DOI: 10.3923/pjbs.2013.1796.1800

Received: January 13, 2013; Accepted: March 06, 2013; Published: May 16, 2013


The prevalence of type 2 diabetes mellitus in Bangladesh is vastly increasing. Many evidences suggesting the association between type 2 diabetes and inflammation (Wellen and Hotamisligil, 2005). It is reported that hyperglycemia induce Reactive Oxygen Species (ROS) production in the adipocytes and consequently proinflammatory cytokines release (Lin et al., 2005). Also shown, the type 2 diabetes caused by insulin resistance in obese people, is primarily linked with some proinflammatory cytokines (Wellen and Hotamisligil, 2005). These studies are vividly showing the close relationship between hyperglycemia and inflammation. Hence, it seems to be very effective therapy to reduce both hyperglycemia and inflammatory mediators together in type II diabetes.
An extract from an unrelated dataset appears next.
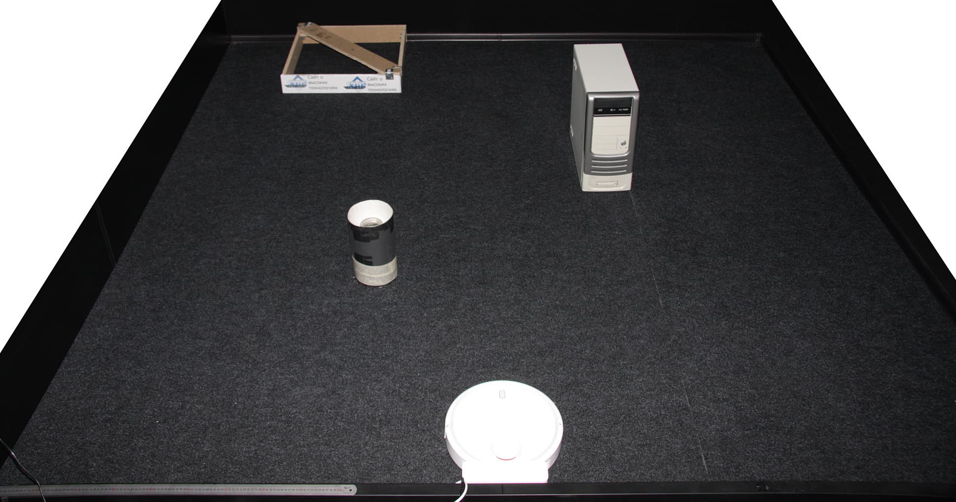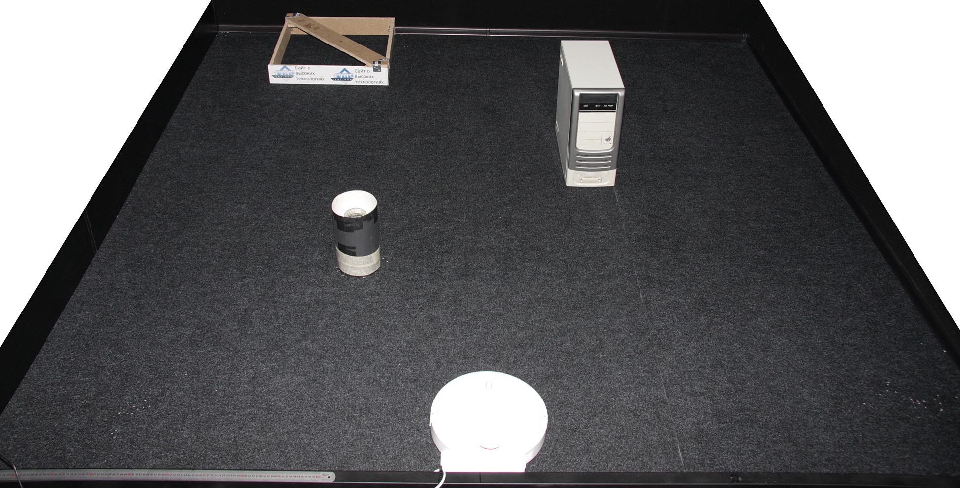 В первом в тесте локальной уборки из-за черных и почти не отражающих стен робот потерял ориентацию. Две коробки помогли ему сохранять привязку к местности, и уборка успешно завершилась. Процесс показан на видео ниже:

A lot of commercially available drugs are in the market now in order to treat both hyperglycemia and inflammation. Furthermore some negative clinical outcomes are observed have led to the investigation of new therapeutic approaches focused on controlling postprandial glucose levels. Pancreatic α-amylase (E.C value is a key enzyme for initial catalysis of carbohydrate to maltose and consequently glucose formation. This postprandial glucose level can be reduced by inhibiting the α-amylase (Ceriello, 2005) and it will possibly be the chief and realistic approach to inhibit the enzyme associated with carbohydrate metabolism. On the other hand, management of inflammatory pain with steroids and other anti-inflammatory drugs sometimes cause with side effects. So, there is constant demand for alternatives.

Many ongoing research has reported the efficacy of plant extracts in inhibiting the alpha amylase in their in vitro study. Leaves, fruits, roots, barks and many other parts of different plant species have shown with potential inhibitory effect on this enzyme and to reduce the postprandial hyperglycemia, but still it is not enough to find the potential candidate with highest efficacy and many plant is on the pipeline to be evaluated. One such therapeutically useful plant Lawsonia inermis also commonly known as henna which has a wide therapeutic description in Indian Ayurvedic or natural herbal medicines (Lavhale and Mishra, 2007). Henna leave extracts have shown to possess anti-inflammatory (Alia et al., 1995; Gupta et al., 1986), anti-fungal (Singh and Pandley, 1989), anti-pyretic and analgesic (Alia et al., 1995), anti-oxidant and immunomodulatory (Mikhaeil et al., 2004) and antibacterial (Ali et al., 2001) activities.

The purpose of this study was to investigate the in vitro porcine α-amylase enzyme inhibitory effect and in vivo anti-inflammatory effect of methanolic henna leaves extract.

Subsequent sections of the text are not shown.